What is the derivative of e^x3? also what is the derivative of (ln1/x)²

Homework Equations

The Attempt at a Solution

is it 3x²e^3x2?
2(ln1/x)(x)?

 

[jgens]

Your solution for d(e^(x^3))/dx is incorrect. Remember d(e^u)/dx = u'e^u where u is a function of x. For the other derivative, let u = ln(1/x) and then apply the chain rule.

 

[Mark44]

No. No.
Both problems require the chain rule.
For the second problem, d/dx((ln(1/x))^2) = 2* ln(1/x) * d/dx(1/x). You made a mistake in your derivative of 1/x.

 

[magma_saber]

so the second is 2(ln1/x)(-x^-2)?
and the first one is x^3e^x^3?

 

[Mark44]

Right for the second one, but I would write it as 2 ln(1/x) (-1/x^2) or even better as
$$2 ln(\frac{1}{x}) \frac{-1}{x^2}$$
Not right for the first. As jgens said, d/dx(e^u) = du/dx * e^u (where u = x^3).

 

[jgens]

Your first derivative is still incorrect. d(e^u)/dx = u'e^u, not ue^u.
Your second derivative is also incorrect. Mark gave you an incorrect expression to differentiate.

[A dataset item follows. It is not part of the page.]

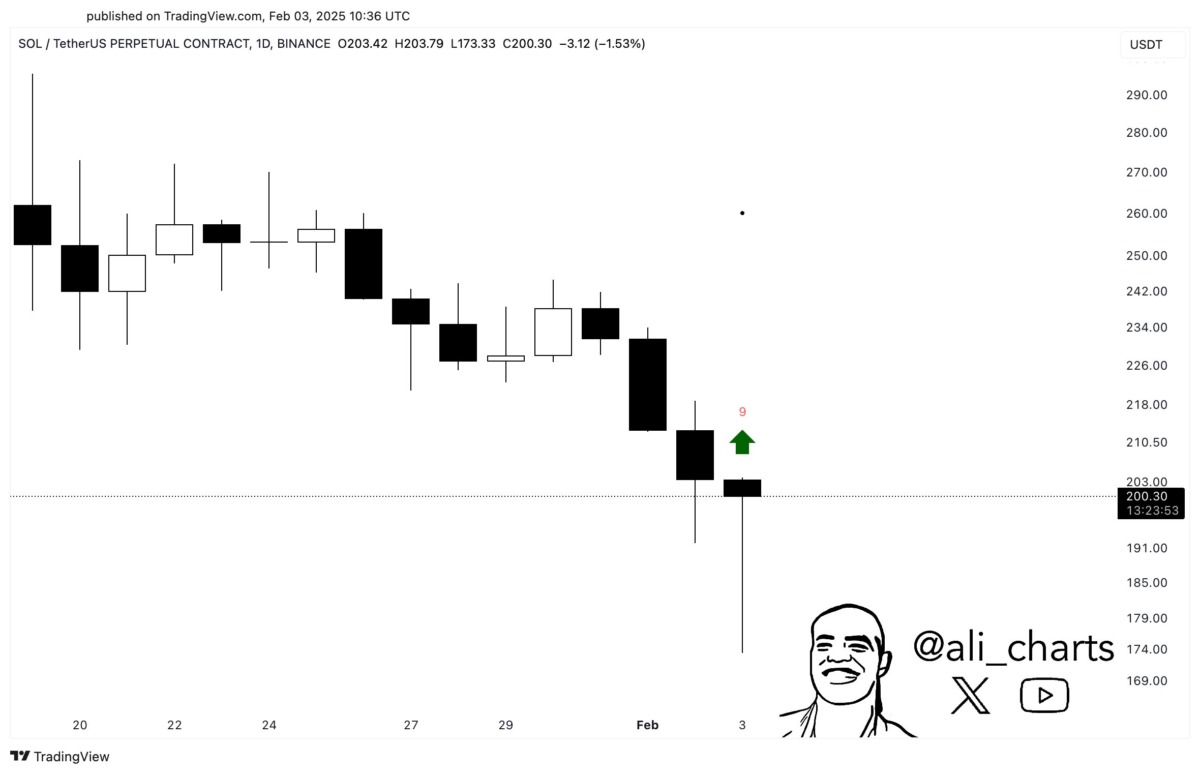 Hızlı işlem onaylarıyla tanınan Solana (SOL), geçtiğimiz yıl boyunca %100 oranında bir artış gösterdi. Ancak, son piyasa düzeltmesi nedeniyle fiyatı 200 dolar seviyesinin altına geriledi. Yazım sırasında SOL fiyatı, son 24 saatte %8’lik bir düşüşle 195 dolar seviyelerinden işlem görüyor. Bununla birlikte, analistler bu düşüşü bir alım fırsatı olarak değerlendiriyor. Kripto analisti Ali Martinez, SOL’un günlük grafiğinde TD Sequential göstergesinin potansiyel bir toparlanma sinyali verdiğini belirtiyor. Yatırımcılar, 2025’in Şubat ayında beklenen altcoin sezonu öncesinde SOL’un güçlü bir yükseliş yapmasını bekliyor.

You need to find 2*ln(x)*d(ln(1/x))/dx which also requires the chain rule.

 

[jgens]

Right for the second one, but I would write it as 2 ln(1/x) (-1/x^2) or even better as
$$2 ln(\frac{1}{x}) \frac{-1}{x^2}$$

Don't forget d(ln(1/x))/dx, which certainly is not -1/x^2!

 

[magma_saber]

so its 3x²e^x3?

 

[jgens]

Correct.

 

[magma_saber]

d(ln1/x) is x^2?

 

[jgens]

No, let u = 1/x then you need to find d(lnu)/dx which will be (1/u)(du/dx).

 

[The Dagda]

Might be easier if you just look at it as:

$$\frac{d}{dx}\;(-ln(x))$$

Then it's just straight forwardly obvious.

 

[jgens]

That certainly should make it simpler for the original poster!